Proklamator Mohammad Hatta
memberikan teladan soal kesederhanaan. Hatta mengajarkan menjadi pria
terhormat tidak harus menjadi orang kaya. Hatta juga mencontohkan
perilaku jujur dan menghindari korupsi. Sesuatu yang sangat langka saat
ini.
Setelah kemerdekaan dan jatuh bangun kabinet, Dwitunggal Soekarno-Hatta tidak berjalan seiring lagi. Mohammad Hatta
memilih pensiun dari jabatannya sebagai wakil presiden tahun 1956.

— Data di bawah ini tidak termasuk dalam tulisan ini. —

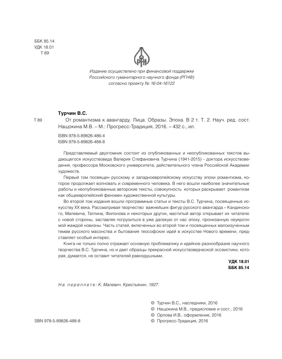 Представляемый двухтомник состоит из опубликованных и неопубликованных текстов выдающегося искусствоведа Валерия Стефановича Турчина (1941-2015) - доктора искусствоведения, профессора Московского университета, действительного члена Российской Академии художеств. Первый том посвящен русскому и западноевропейскому искусству эпохи романтизма, которое продолжает волновать и современного человека. В него вошли наиболее значительные работы и неопубликованные авторские тексты, совокупность которых раскрывает романтизм как общеевропейский феномен художественной культуры. Во второй том издания вошли программные статьи и тексты В.С. Турчина, посвященные искусству XX века. Рассматривая творчество важнейших фигур русского авангарда – Кандинского, Малевича, Татлина, Филонова и некоторых других, маститый автор открывает их читателю с новой стороны, заставляя погрузиться в уже далекую от нас эпоху, пронизанную неукротимой жаждой новизны. Часть статей, включенных во второй том и посвященных малоизученным темам русского масонства и бытования теософских идей в искусстве Нового времени, представляет особый интерес. Книга не только полно отражает основную проблематику и идейное разнообразие научного творчества В.С. Турчина, но и дает образцы прекрасной искусствоведческой эссеистики, которая, думается, не оставит читателей равнодушными.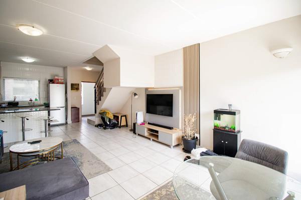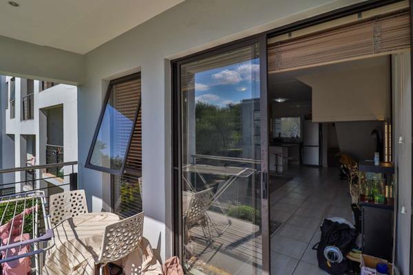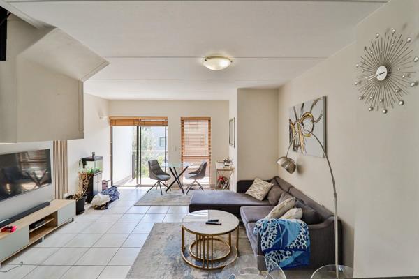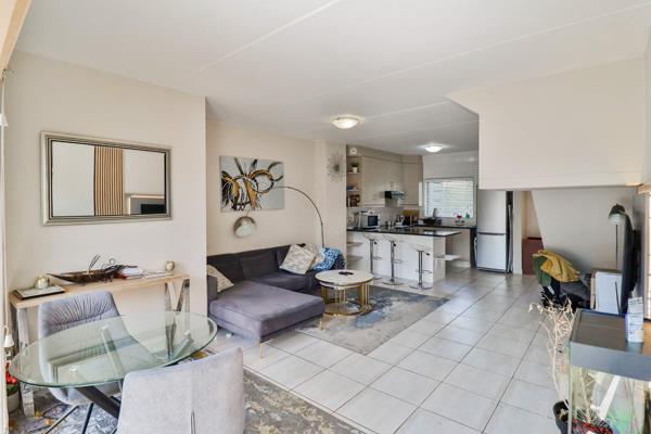 The kitchen flows seamlessly into the living area, which offers space for both a dining area and a cosy lounge, opening onto a private, covered balcony.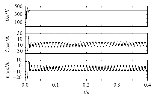 從圖9可知,通過ESU的穩(wěn)壓控制,PSU公共直流側(cè)母線電壓基本上保持為直線,表明了ESU的穩(wěn)壓性能優(yōu)越,可以有效的抑制混合微電網(wǎng)能量的波動。此外,由于儲能電池Bat1的SOC大于儲能電池Bat2的SOC,所以充電電流iL,Bat1要大于iL,Bat2,可以看出仿真結(jié)果和分析結(jié)果一致,驗證了ESU能量協(xié)調(diào)控制方法的有效性。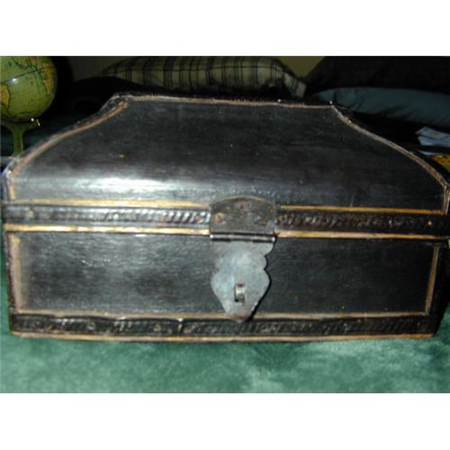 The edges of the box are all covered in a black metal that on its outer edges is shown as goldish in colour to highlight the decorative aspects of this box. The shape reminds me of asarcophacus tea caddy.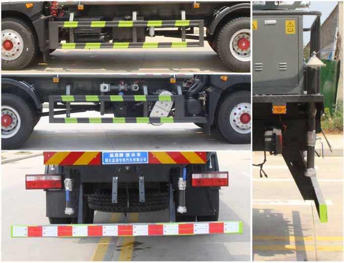 東風15噸灑水車產品標配前噴(鴨嘴)、后沖、后灑、側噴、后置式工作 平臺,平臺上配置綠化水炮(可 360°旋轉,既可以調成柱狀,也可 以調成霧狀,更可以調成直沖狀、大雨、中雨、小雨、毛毛雨),配 備優質大功率專用灑水泵(可自吸自排,可從河里或池塘抽水到罐體), 取力器,雜物過濾網,消防接口,自流球閥系統、取力器、球閥、濾網 均為國家標準產品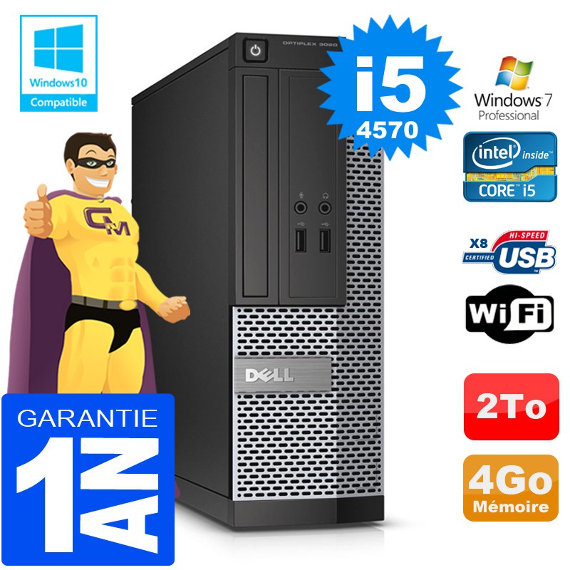 PC DELL 3020 SFF - Intel Core I5-4570 3.2GHz (6 Mo de cache) - 4 Go DDR3 - Disque Dur 2 To - Graveur DVD - Clé WIFI USB - Windows 7 Pro - Garantie = 1 an.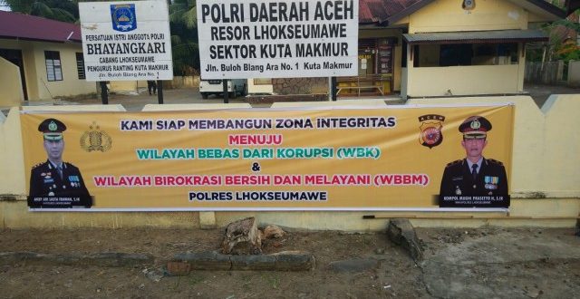 Tampak, sebagai bukti keseriusan dalam mewujudkan Polres Lhokseumawe menuju WBK dan WBB, Polres Lhokseumawe memasang spanduk sosialisasi zona integritas bebas korupsi dan birokrasi bersih melayani di tempat pelayanan, baik itu di SPKT sebagai gerbang pengaduan masyarakat, Ruang Pelyanan SIM, Kantor SAMSAT serta ruang pelayanan SKCK serta di Polsek jajaran Polres Lhokseumawe.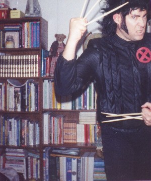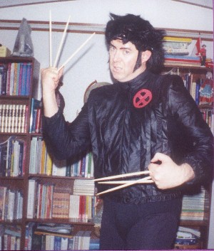 I filmed an X-Men music video back in 2001. For the video, I used the song "Don't Bring Me Down" by ELO. I grew extra long sideburns for this occasion. I used a black leather jacket that I bought at a flea market and added a red X to the front. I used chop sticks for Wolverine's claws. I used a black wig for the hair and stretched the ends to give it the famous Wolverine look.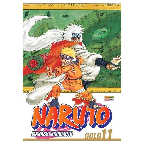 Livro Naruto Gold - Volume 11 Com o fim das preliminares da terceira etapa, os aspirantes a Chunin têm um mês para se recuperar e se preparar para os duelos da etapa final do exame Naruto estava se esforçando ao máximo no treinamento com o professor Ebisu, mas um misterioso eremita e seu sapo os interrompem e nocauteiam o professor
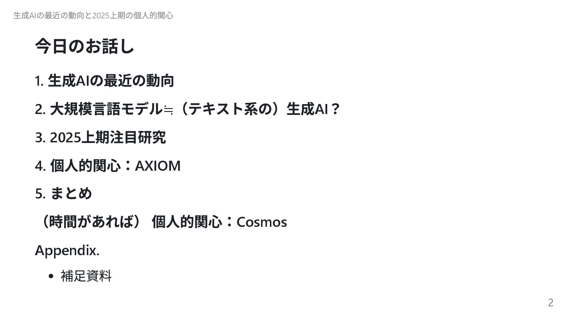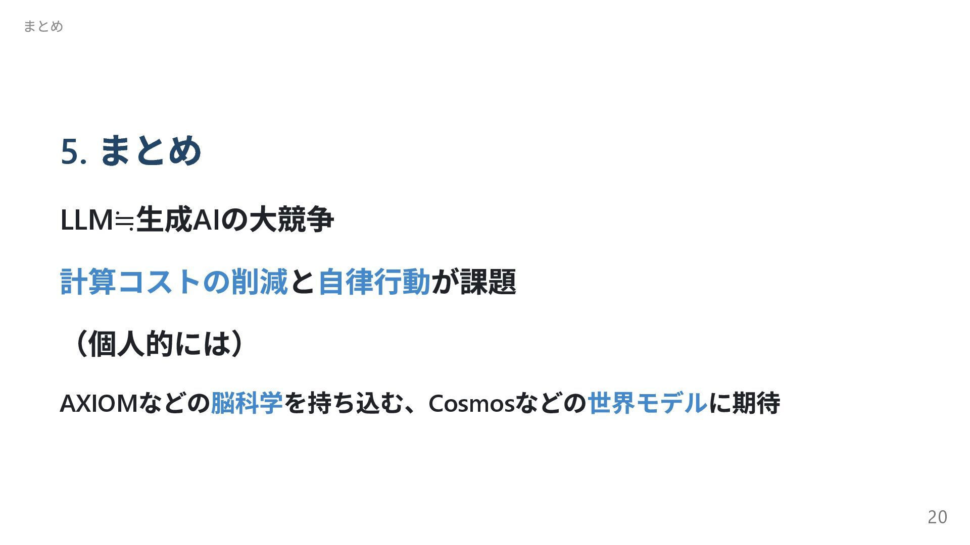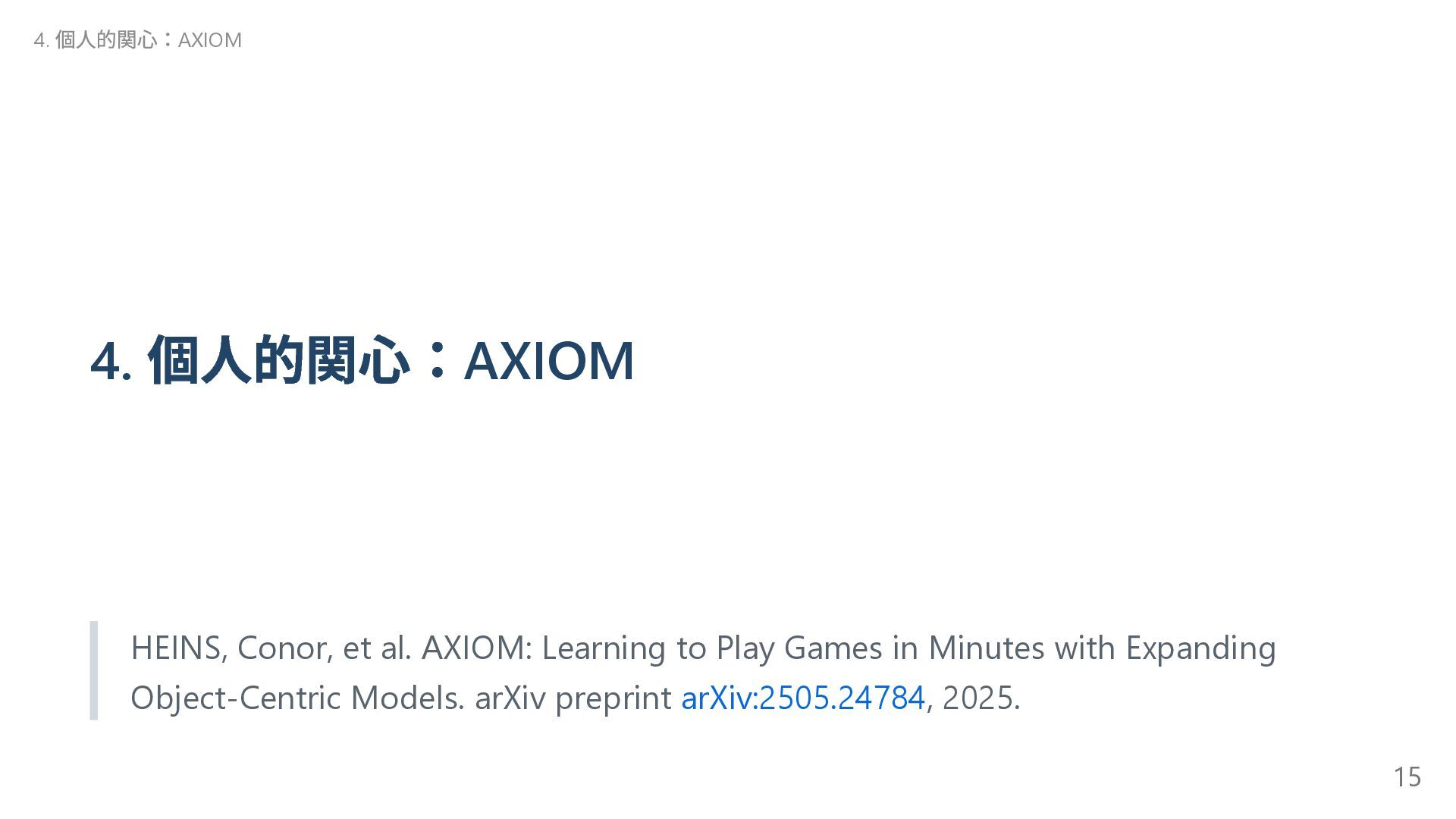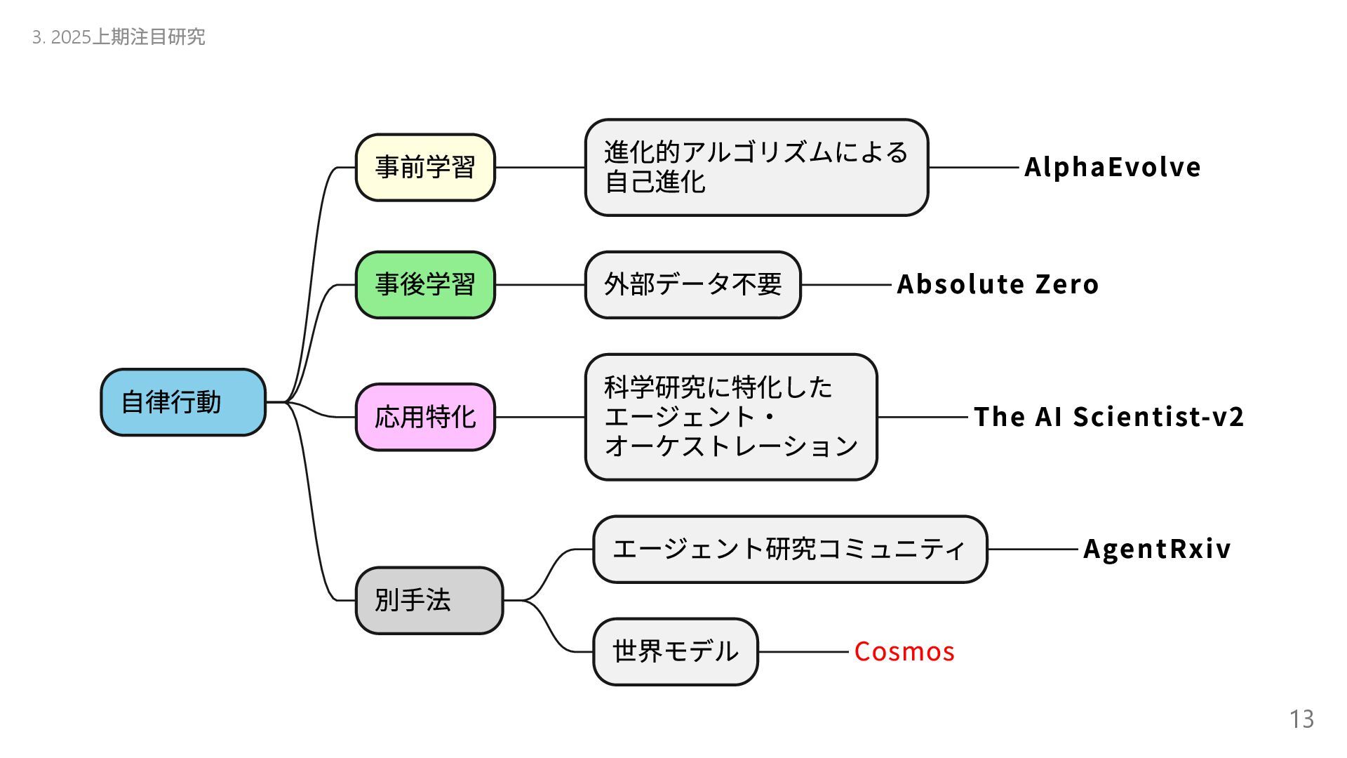 自己進化するAI 2 Absolute Zero 清華大学( 中国) 自己進化するAI 3 The AI Scientist-v2 Sakana AI AI 生成論文が査読通過 4 Transformers without Normalization Meta Transformer の構造改革 5 Kimi k1.5 Kimi( 中国) 新スケーリング! 6 DeepSeek-R1 DeepSeek( 中国) (推定)8.6 億円?の衝撃 7 Reasoning Language Models チューリッヒ工科大 推論型LLM の設計図 8 LLMs Get Lost In Multi-Turn Conversation Microsoft/SalesForce LLM も迷子になる! 9 AgentRxiv ジョンズ・ホプキンズ 大 AI エージェント研究コミュニティ 10 Acquiring Grounded Representations of Words ミシガン大 記号着地問題への一つのアプロ ーチ Appendix. 29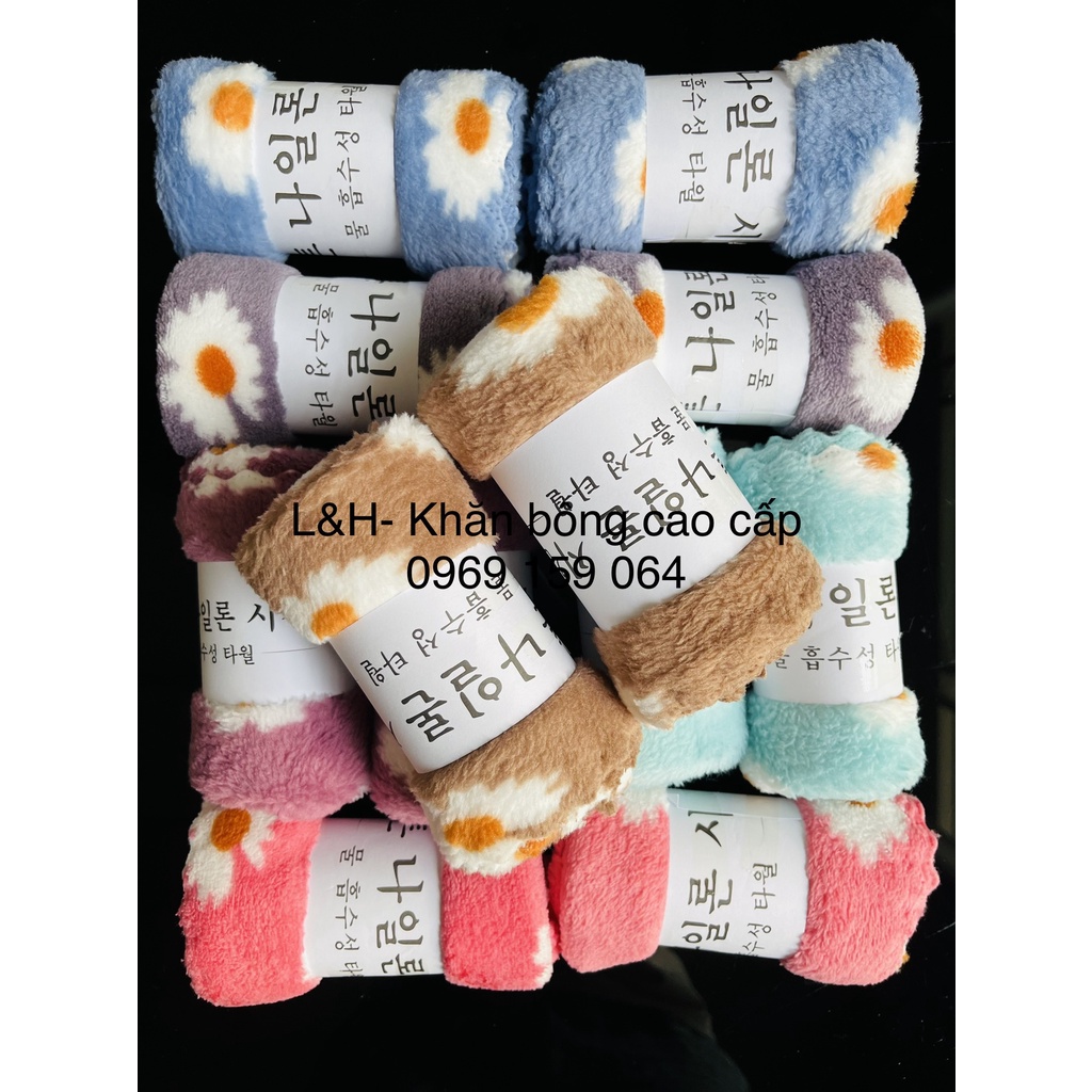 Khăn mặt lông cừu xuất hàn cao cấp, hoa cúc, KT 30x50cm- Mềm mịn, thấm hút nước tốt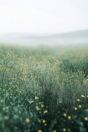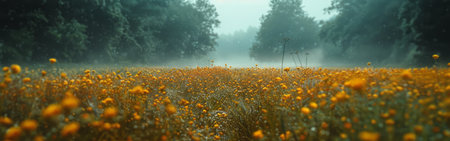 Beautiful meadow with yellow flowers on foggy day. Toned.

Hatta kecewa melihat Soekarno yang makin otoriter. Dia memilih mundur,
berada di luar pemerintahan dan mengkritik kebijakan pemerintah lewat
tulisan-tulisannya yang berani.
Hatta bukan orang kaya. Gajinya
sebagai wakil presiden selalu habis digunakan untuk membeli buku. Dia
juga tidak pernah mau main ambil uang yang bukan haknya. Hatta pernah
menyuruh asistennya mengembalikan dana taktis wakil presiden sebesar Rp
25 ribu. Padahal jika tidak dikembalikan pun tidak apa-apa. Dana taktis
itu tidak perlu dipertanggungjawabkan. Tapi Hatta orang jujur yang punya
kehormatan.
Hatta, istri dan tiga anaknya tinggal di Jl
Diponegoro 57. Hatta menolak semua jabatan komisaris baik dari
perusahaan nasional maupun perusahaan asing. Dia merasa tidak bisa
bertanggung jawab pada rakyat jika mengambil jabatan itu.
Seperti
diketahui, jabatan komisaris perusahaan ini biasanya merupakan jatah
pejabat yang pensiun. Tanpa perlu kerja, setiap bulannya para pejabat
ini akan mendapatkan gaji buta. Karena itulah Hatta menolak.
Hatta
mendapat uang pensiun sebesar Rp 3.000. Jumlah itu terbilang kecil.
Hatta pun terengah-engah membayar tagihan listrik rumahnya. Istri Hatta,
Rachmi Rahim tak mampu membeli mesin jahit idamannya. Hatta pun hanya
bisa menyuruh Rachmi bersabar dan menabung lagi.
Yang paling
menyedihkan soal Hatta mungkin sepatu Bally. Hatta tak juga kunjung
mampu membeli sepatu Bally hingga akhir hayatnya. Tahun 1980, iklan
sepatu Bally ini masih tersimpan rapi dalam tumpukan arsipnya.
Tak malukah para pejabat korup itu membaca kisah Mohammad Hatta?